Understanding Metrics¶
Load testing generates hundreds of metrics. Response times, throughput, error rates, server CPU, memory, database connections. All of it matters, but not equally. The metrics that matter most depend on what broke.
This guide explains WHY each metric exists, what trends reveal about your application, and how to interpret metric patterns to identify bottlenecks.
The Core Principle: Metrics Tell a Story¶
Metrics don't exist in isolation. They interact. Response times spike (symptom) because database CPU hit 100% (cause) because queries aren't indexed (root cause).
Your job: find the narrative. What happened? When? Why?
Example story:
| Metric | Trend | What It Means |
|---|---|---|
| Response Time | 100ms → 5000ms at 300 VUs | SYMPTOM: Performance degraded |
| Hits/sec | Increasing → Plateaued at 2500 | EVIDENCE: Server maxed out |
| Database CPU | 40% → 95% at 300 VUs | CAUSE: Database bottleneck |
| Slow Query Log | 10 queries taking > 2 seconds | ROOT CAUSE: Unindexed queries |
This is how you diagnose bottlenecks: metrics reveal the chain of cause and effect.
Metrics Hierarchy: What to Watch First¶
Not all metrics are equally important. Follow this priority:
Tier 1: User Experience (Watch First)¶
These metrics answer: Is the application fast enough for users?
| Metric | Target | Why It Matters |
|---|---|---|
| Response Time (avg) | < 2000ms | Users perceive anything > 2s as "slow" |
| Response Time (95th %ile) | < 3000ms | Worst-case user experience (5% of users wait this long) |
| Error Rate % | < 1% | Users see broken functionality |
If Tier 1 metrics are good, you're done. Users are happy. If not, move to Tier 2.

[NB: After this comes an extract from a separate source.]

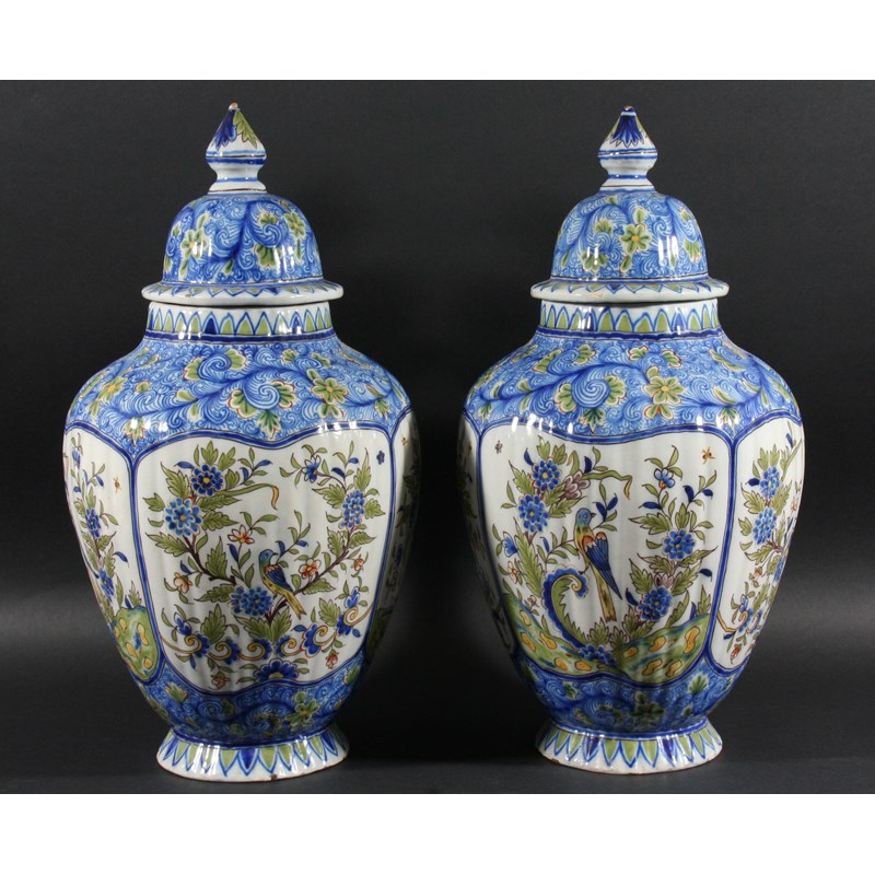 PAIR OF DUTCH DELFT VASES AND COVERS,

Tier 2: Throughput (Diagnose Capacity)¶
These metrics answer: Can the server handle the load?
| Metric | What to Watch | Why It Matters |
|---|---|---|
| Hits/sec | Should increase with VUs | Throughput plateau = server maxed out |
| Bandwidth (Mbps) | Should increase with VUs | Bandwidth plateau = network bottleneck |
| Virtual Users | Increasing as planned | VU plateau = engine overloaded |
If throughput plateaus while VUs keep increasing, the server is maxed out. Check Tier 3 to find WHY.
Tier 3: Server Resources (Find Bottleneck)¶
These metrics answer: Which resource is limiting performance?

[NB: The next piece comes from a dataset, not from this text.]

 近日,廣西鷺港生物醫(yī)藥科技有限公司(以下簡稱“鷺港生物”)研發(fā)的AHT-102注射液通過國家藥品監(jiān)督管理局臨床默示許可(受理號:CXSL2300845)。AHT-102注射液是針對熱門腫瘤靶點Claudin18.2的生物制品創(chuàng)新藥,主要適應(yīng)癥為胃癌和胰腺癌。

| Metric | Red Flag | What It Means |
|---|---|---|
| Server CPU % | > 90% | CPU bottleneck (optimize code or add CPU) |
| Server Memory % | > 95% | Memory bottleneck or leak |
| Database CPU % | > 90% | Database bottleneck (optimize queries) |
| Database Connections | = Max pool size | Connection pool exhausted |
| Disk I/O % | > 90% | Disk bottleneck (slow storage) |
| Network Bandwidth | = NIC capacity | Network bottleneck (upgrade NIC) |
Whichever hits 100% first is the bottleneck. Fix that resource before scaling further.
Key Metrics in Detail¶
Response Time: The Primary Performance Metric¶
What it measures: Time from sending HTTP request to receiving complete response (network latency + server processing + data transfer).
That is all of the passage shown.